Records supplied:
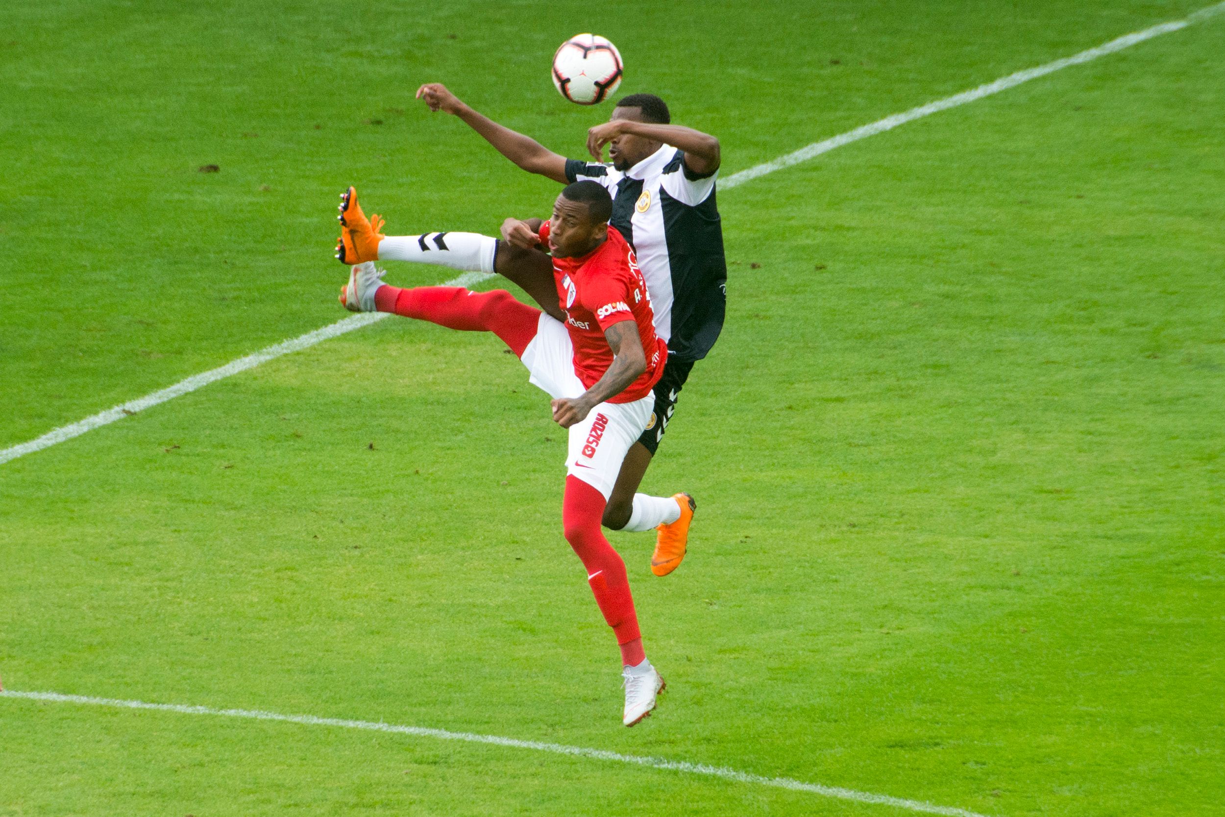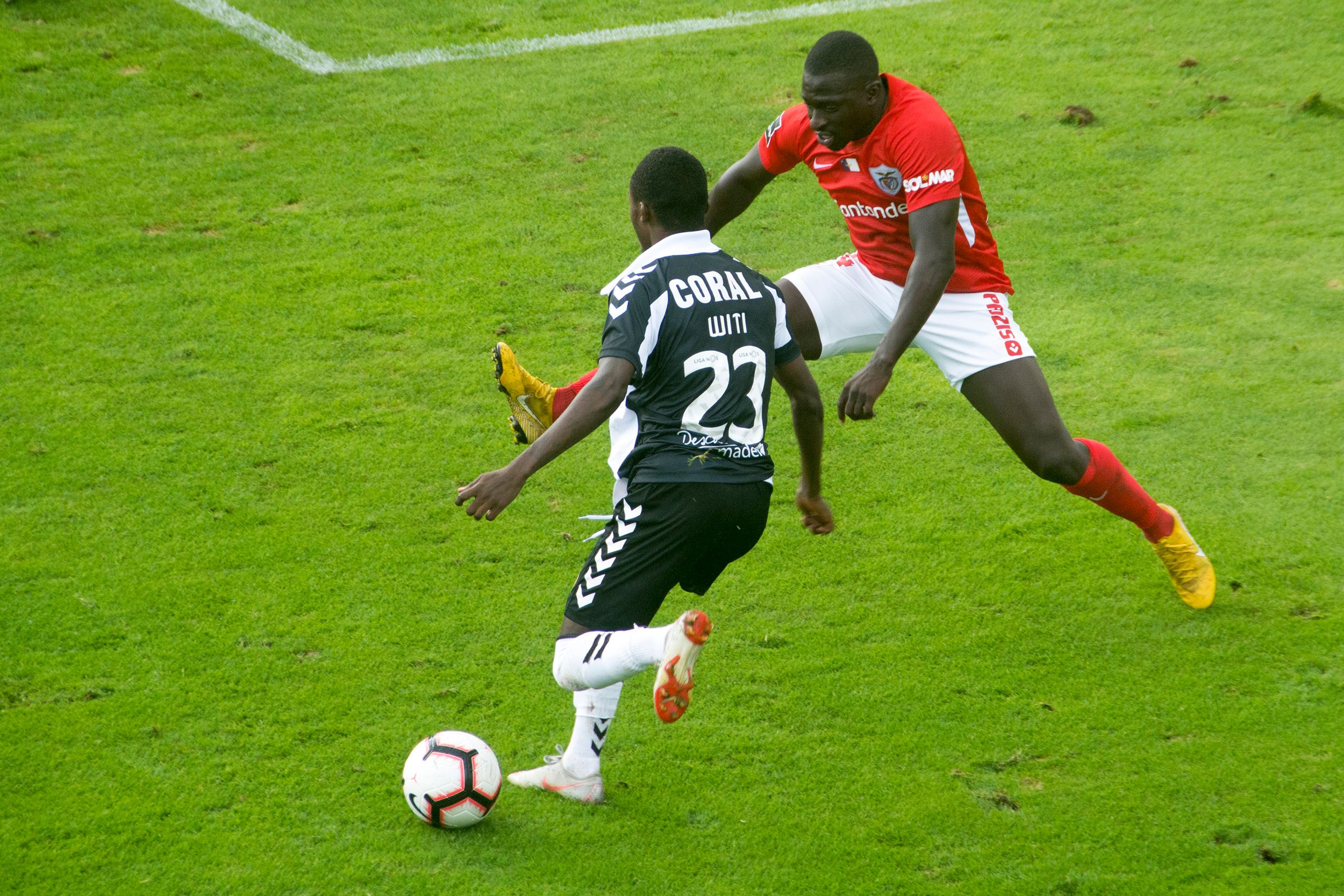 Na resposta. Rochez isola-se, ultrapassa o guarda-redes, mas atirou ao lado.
---
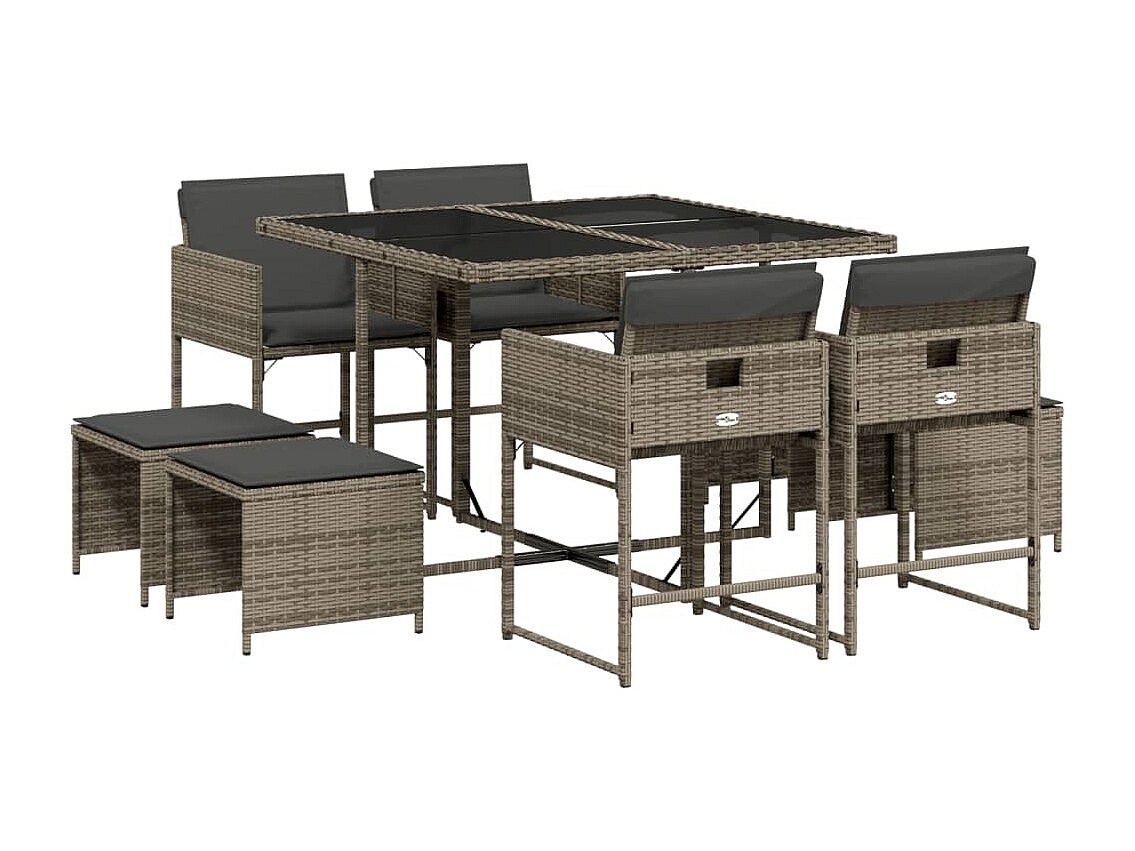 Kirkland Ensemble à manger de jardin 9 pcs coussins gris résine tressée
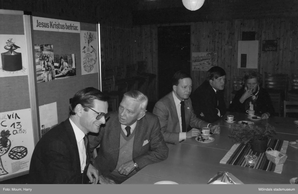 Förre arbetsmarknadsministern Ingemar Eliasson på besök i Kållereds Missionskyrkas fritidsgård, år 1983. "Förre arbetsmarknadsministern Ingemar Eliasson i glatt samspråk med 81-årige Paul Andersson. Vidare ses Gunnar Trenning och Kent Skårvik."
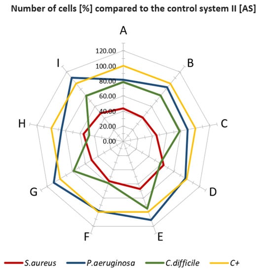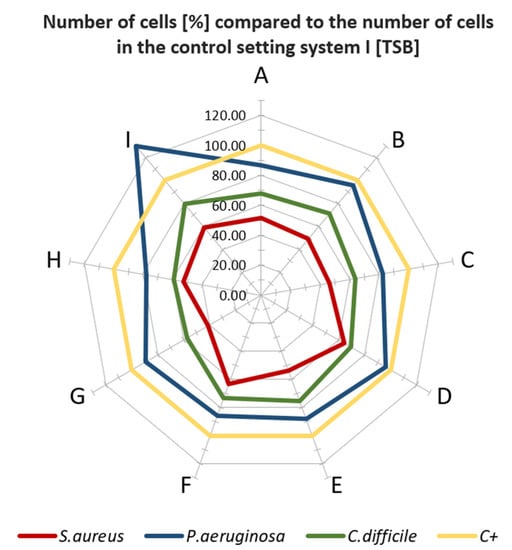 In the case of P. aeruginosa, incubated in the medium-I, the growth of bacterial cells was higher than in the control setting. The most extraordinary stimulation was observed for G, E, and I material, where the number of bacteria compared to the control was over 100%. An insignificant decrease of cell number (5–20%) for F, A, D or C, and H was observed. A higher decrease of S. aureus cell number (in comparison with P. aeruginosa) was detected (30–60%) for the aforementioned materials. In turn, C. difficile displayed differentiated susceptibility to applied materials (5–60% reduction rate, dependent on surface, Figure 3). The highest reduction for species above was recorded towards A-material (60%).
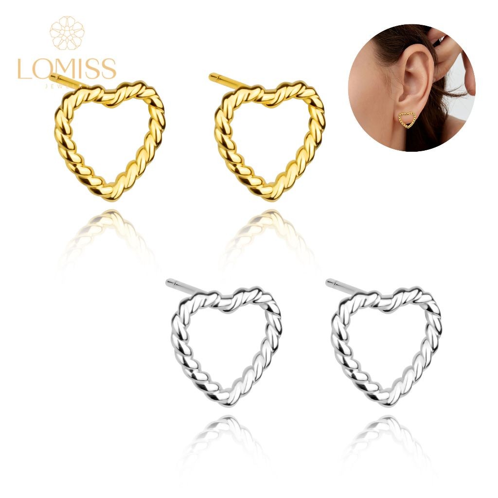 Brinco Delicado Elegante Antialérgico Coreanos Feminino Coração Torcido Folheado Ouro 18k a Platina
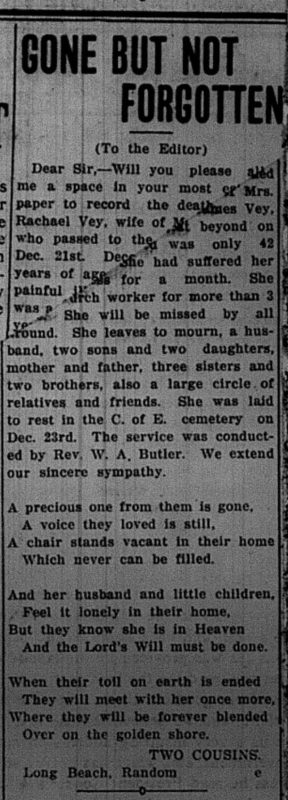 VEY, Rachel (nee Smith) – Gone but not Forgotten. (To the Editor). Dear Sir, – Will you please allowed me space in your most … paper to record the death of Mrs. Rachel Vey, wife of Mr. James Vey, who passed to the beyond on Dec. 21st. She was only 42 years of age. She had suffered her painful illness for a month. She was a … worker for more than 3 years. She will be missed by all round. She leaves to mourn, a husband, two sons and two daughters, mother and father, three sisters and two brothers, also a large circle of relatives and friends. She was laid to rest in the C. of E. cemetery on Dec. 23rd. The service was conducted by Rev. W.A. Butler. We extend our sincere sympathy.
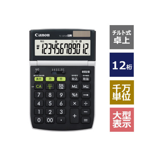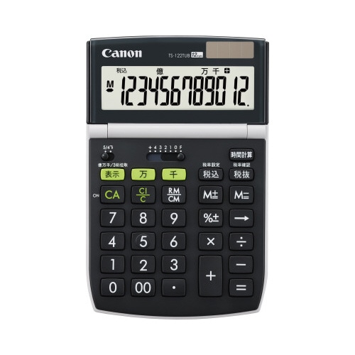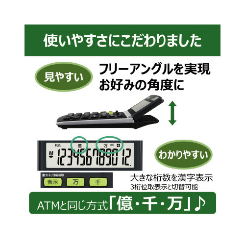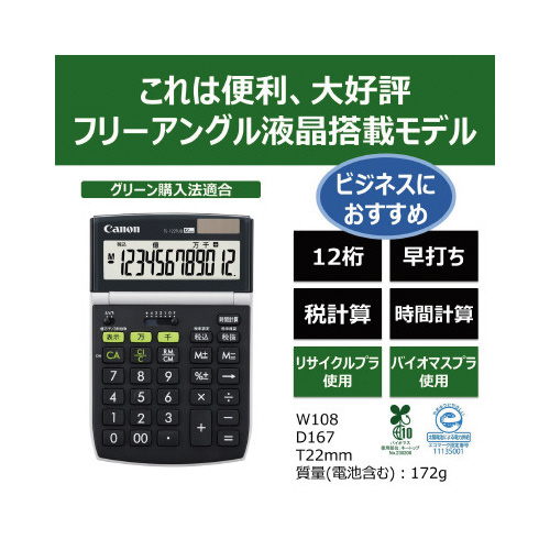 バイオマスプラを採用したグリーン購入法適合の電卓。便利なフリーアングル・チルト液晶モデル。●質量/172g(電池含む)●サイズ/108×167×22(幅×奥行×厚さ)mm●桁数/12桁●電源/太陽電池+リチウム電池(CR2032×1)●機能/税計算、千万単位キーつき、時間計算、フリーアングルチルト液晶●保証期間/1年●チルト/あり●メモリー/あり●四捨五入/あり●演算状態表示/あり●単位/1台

Action item:
For this exercise, return exactly the lines above from the line with "Kirkland Ensemble à" through the line with "Förre arbetsmarknadsministern Ingemar Eliasson på", both included. Do not copy the pictures.

Solution for this task:
 Kirkland Ensemble à manger de jardin 9 pcs coussins gris résine tressée
 Förre arbetsmarknadsministern Ingemar Eliasson på besök i Kållereds Missionskyrkas fritidsgård, år 1983. "Förre arbetsmarknadsministern Ingemar Eliasson i glatt samspråk med 81-årige Paul Andersson. Vidare ses Gunnar Trenning och Kent Skårvik."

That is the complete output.